With ground source heat pumps attracting 19.64p/kWh under the Domestic Renewable Heat Incentive (RHI) (versus 7.63p/kWh for air source and 4.28p/kWh for biomass), and innovative micro-district ground source heat networks attracting the non-domestic RHI in retrofit and new-build schemes, there is a huge financial carrot for the specification of ground source heat pumps.

Add to this their carbon credentials, efficiency savings and the Committee for Climate Change’s Fourth Carbon Budget calling for four million heat pumps to be installed at residential properties by 2030, the market for ground source can only go one way. But to fulfil this ambition, self-builders need to be on board and share the vision.

Of course, as Kensa is a dedicated manufacturer of ground source heat pumps, and one of the confirmed largest suppliers in the UK (source: BSRIA 2017), we are bound to say that. So the aim of this article is to demystify and briefly explain, in simple terms, the typical process of installing a ground source heat pump, to demonstrate that ground source is a technology that can be easily integrated into your project to great reward.

Know the load

Arguably, the first part of planning a ground source heat pump (GSHP) installation is the most important – calculating the property’s heat load. Get this part wrong and everything that follows will be wrong. You can’t design a GSHP system without knowing two vital bits of information, the peak heating load in kW and the annual heating load in kWh.

If the building is being upgraded in terms of insulation at the same time, it is perfectly fine to factor this upgrade work into the heat loss calculations, but it is equally important to ensure that the planned work actually gets done before the heating system is used in anger!
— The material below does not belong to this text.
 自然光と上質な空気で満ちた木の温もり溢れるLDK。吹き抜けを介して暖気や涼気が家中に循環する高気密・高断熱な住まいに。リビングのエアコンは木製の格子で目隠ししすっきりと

Typically, an installer or experienced self-builder will either do this heat loss calculation work themselves, or subcontract it out to a qualified specialist. If the heat pump is also supplying domestic hot water, then this load also needs to be calculated and added to the numbers.

Room by room

While the ground source heat pump itself will most likely be a single unit with a stated kW output, each room in the building is going to have a different heat demand, so needs its heat emitter (the term emitter covers radiators, underfloor heating [UFH] and other less common types) individually calculating to meet that heat demand.

When using a heat pump instead of a boiler, the rule is always to size the emitter so that it is capable of heating the room using the lowest possible water temperature as this maximises energy efficiency.
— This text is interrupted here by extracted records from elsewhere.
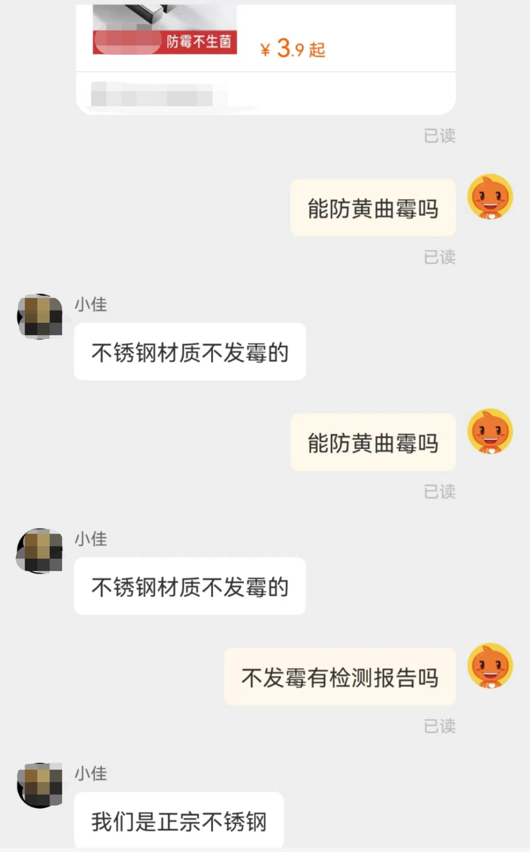 写着能防霉,但一问客服“能防黄曲霉吗”,客服就开始打马虎眼。暖暖追问了整整三遍,对方楞是拿不出一个检测报告来
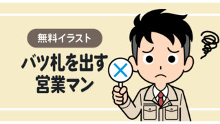 バツ札を持つ営業マン(上半身と全身イラスト)バツ札を持つ営業マンのイラストです。残念、不正解!
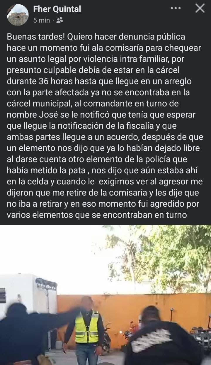 El domingo pasado, Fernando Quintal denunció en su perfil de Facebook que fue víctima de agresión por parte de elementos de la Policía Municipal al acudir a la comisaría para verificar la situación de su cuñado, Jonathan de Jesús Cen Uicab.
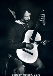 *Stanley made only a few recordings. One of them, a song called “Pages From A Journal On America”, can be found on an early Chuck Mangione album called Together (Mercury Records). “Songs From The Valley Of The Nightingale” can be found on Chuck’s first LP Friends And Love (also on Mercury). The Friends And Love concert is also available on DVD from Dynamic Recording Studios. Two other pieces, “Lullaby To An Unborn Child” and “La Danza Los Ninos”, can be found on Bat McGrath and Don Potter’s Introducing LP (on Epic Records). You will have to do some searching as these records are out of print. Noted fingerstyle guitarist Davey Graham (author of “Angie”) recorded Stanley’s “La Danza Los Ninos”. This can be found on an album of Graham’s called The Art Of Fingerstyle Guitar. “La Danza Los Ninos” is part of Stanley’s larger work “The Churianna Suite” which is on Kinloch Nelson Plays Stanley Watson.

Practical limits for radiator sizes usually mean getting below 45°C flow temperature is rare, but UFH can sometimes work as low as 30°C. The usual practice is to work out which room needs the highest water temperature due to practical limits and then size all the other emitters to the same temperature.

In the ground

Once the peak heating load and heating flow temperatures are known, then a suitable heat pump model can be selected.

By referencing the manufacturer’s data, the efficiency (also called Coefficient of Performance or CoP) of that heat pump at the heating water temperature can be determined. It is this efficiency rating combined with the annual kWh demand of the building that determines the size of the ground array.
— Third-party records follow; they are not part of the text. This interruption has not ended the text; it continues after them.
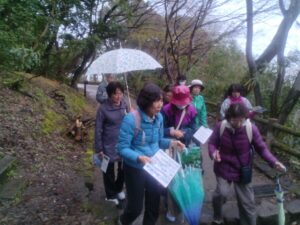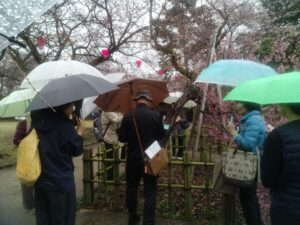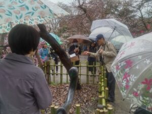 催花雨の降る中、私たち高岡観光ボランティアガイド《やまたちばな》のメンバーが高岡古城公園の桜や歴史について学んだ。
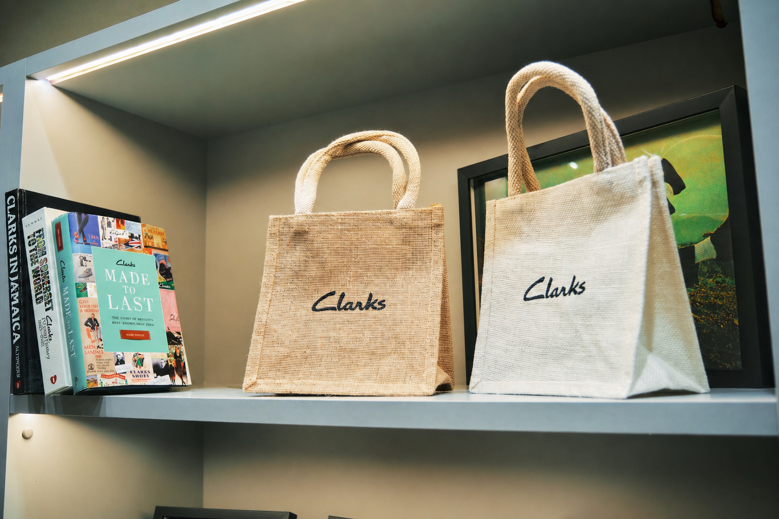 クラークスストアでは、シューズをお買い上げのお客様にオリジナルのジュートミニトートをプレゼント。ナチュラルな素材感が魅力の日常使いしやすいアイテムです。
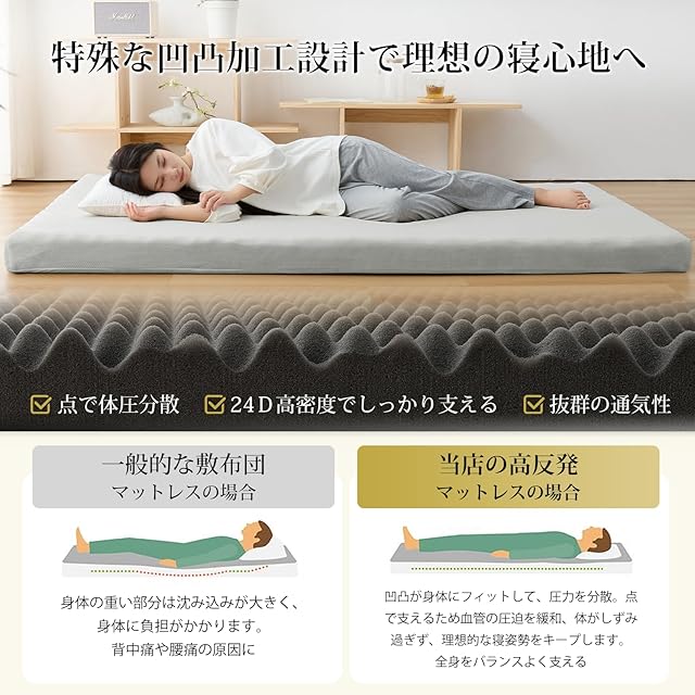【凹凸加工、体圧分散】マットレスは特殊な凹凸加工設計で、面でなく点でフィットして、圧力を分散します。点で支えるため血管の圧迫を緩和、体がしずみ過ぎず、理想的な寝姿勢をキープします。全身をバランスよく支えて、体に負担のかからない快適な眠りをサポートします。
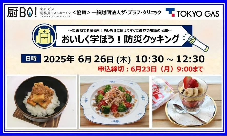 災害が発生した際に役立つ知識を得ることができ、さらにその知識を美味しく楽しむことができる料理教室が、横浜市にある東京ガス業務用テストキッチン「厨BO!YOKOHAMA」で開催されます。この教室の名は「おいしく学ぼう!防災クッキング」。

One of the ironies of using the newer generation ultra-efficient heat pumps, like the Kensa Evo, is that a higher percentage of the total heat output comes from the ground, not the electrical input, meaning that ground array sizing has to increase slightly.

Ground arrays typically take one of two forms, either plastic pipe laid in horizontal trenches (pipe can be straight or looped, known as ‘Slinkies’) or long, vertical drilled boreholes containing a U tube of plastic pipe.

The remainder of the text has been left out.